When they were all younger (babies and toddlers), I had big plastic containers labeled and stacked in the basement according to size, but I would go through these with a fine-toothed comb and really think if the item looked nice enough to pass down, or was just too worn or stained or out of style.
*While I am with the kid’s sorting through and organizing their closets, I keep a notebook with me, so I can jot down who needs what for spring/summer. Do they have dress shoes that fit? In need of a couple fresh t-shirts or a new pair of shorts or swim trunks? This way I know what to keep my eye out for or what to get for birthdays with no excess.
Tips and Trick For Decluttering Kid’s Toys
- Go through toys when the kid’s aren’t around. You probably know what is played with the most. Keep those things in a separate pile.
- Throw away toys that are broken, donate toys that are not used, or just take up space. Be ruthless!

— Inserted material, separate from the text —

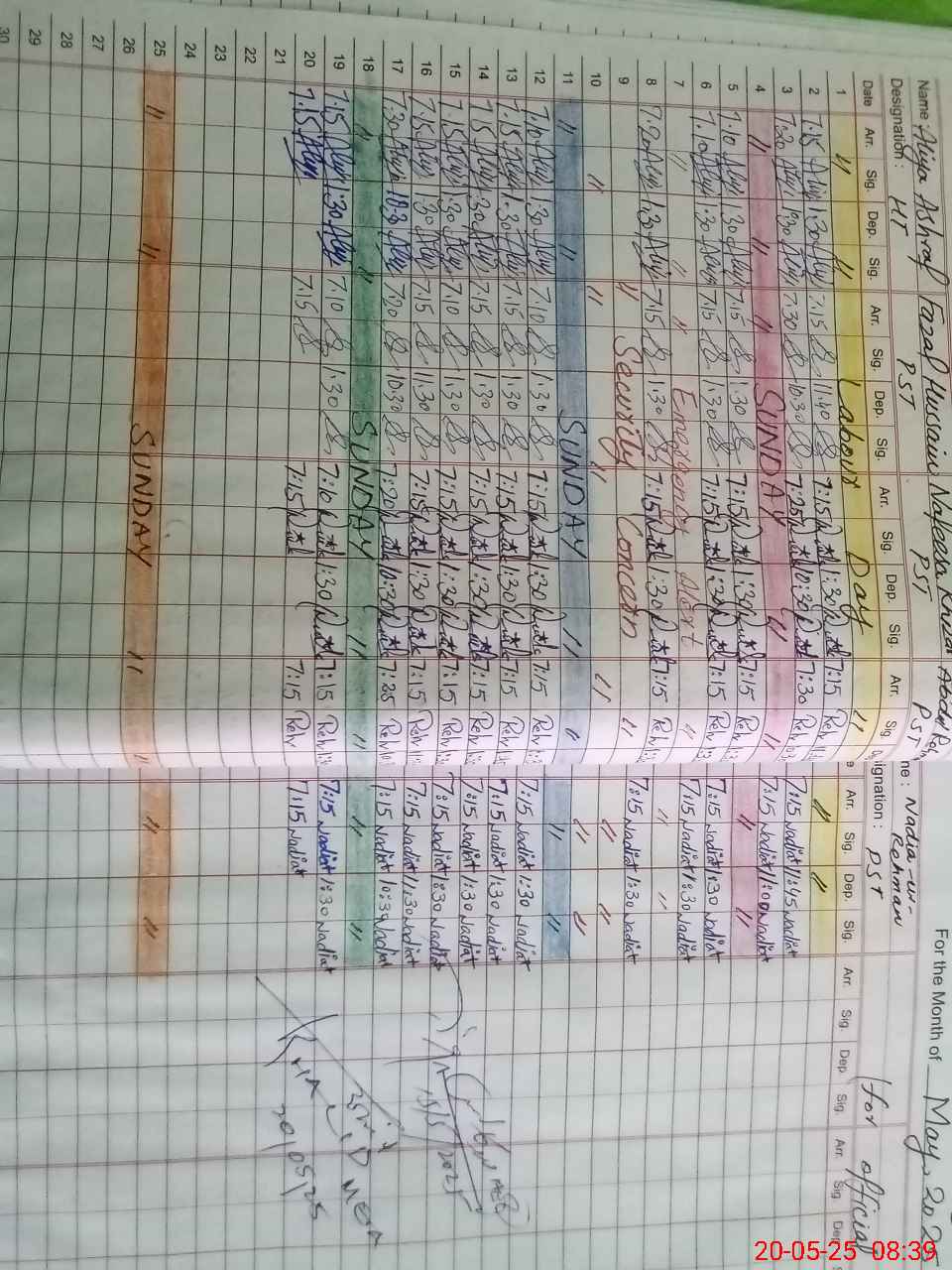 | CNIC | Full Name | Designation | R/C | Absence During Last Calender Month |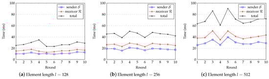 In Figure 13, the three subplots exhibit a consistent increase in processing time as the number of the length increases. For the subplot with an element length of l = 128 , the sender has mostly stable data around 10 ms, while the receiver averages around 14 ms with slightly more fluctuation. The total reflects the combined time with fluctuations between 20 ms and 30 ms. For l = 256 , the total averages about 45 ms, maintaining a stable trend but with higher values. For l = 512 , the total average is 70 ms, showing notable fluctuations and higher values. Comparing across subplots, as the element length increases, so do the average values for sender, receiver, and total times, indicating that longer elements require more processing time. Smaller element lengths show less volatility and more stable trends, while longer elements exhibit more pronounced fluctuations. Overall, processing times for both sender and receiver, as well as the total time, are proportional to the element length, suggesting performance decreases with longer elements. This highlights the importance of carefully considering performance implications when handling longer elements.

- Donate toys that seem to cause more trouble than they are worth if they will not be missed-loud noisy battery toys, toys that do just one thing and don’t promote imaginary play, or toys that don’t meet your ideals.
- If there are any doubts, put the toys in a box or bag and store them out of sight. They might never be missed, most likely, and then can be donated.
- Keep in mind what toys you will want to keep around for your grandchildren. These are usually the higher quality, most-used and loved sets of toys, for instance, American Girl Dolls, a special collection of race cars or animals, or train tracks. These are the toys worth treasuring and keeping
A Few Special Points:
- Children feel better with less cluttered rooms, less choices, and more organization. They thrive in a clean organized environment and feel overwhelmed with too much stuff. There is a whole book written about it and it’s genius.
- If you and your child are frustrated with clean-up it is probably because your child is overwhelmed and doesn’t know where to begin because there are too many clothes or toys in the space.
- If you are worried about getting rid of too much, at the very least put things in storage somewhere in the house where they aren’t accessed. The power of less will convince you to get rid of those things! You will see a calmer child that plays with the fewer toys he has, and actually notices things he never was able to see before to play with and take care of.
- I’ve had multiple children in one bedroom. The tip is to create a space for each of them, even if it’s an under the bed drawer or small shelf. When more children share a room, it just has to mean less stuff. Which is NOT a bad thing anyways.
- Our kids all have too many things. They do! Think about Little House on the Prairie! I’m sure all our grandparents tell stories of 4-6 kids in a room. It can be done and it is not a bad thing, in fact, I would argue it might be even better. Our children are lucky to have what they have!
Less is more!
For some bedroom and toy inspiration, please visit this post and this post.
The new picture of you is really good. It is hard for me to believe you have a 27 year old son! As always I enjoy reading your post about 40 Bags in 40 Days. It is a motivator.
It’s a very old photo! :). Thank you so much!
I didn’t complete the 40 bags in 40 days years ago when you mentioned it. But I did buy a box of trash bags and used most of them. It gave more permission to purge a lot over a few weeks every now and then.
I took your tip of only hanging up shirts and it’s been a life changer.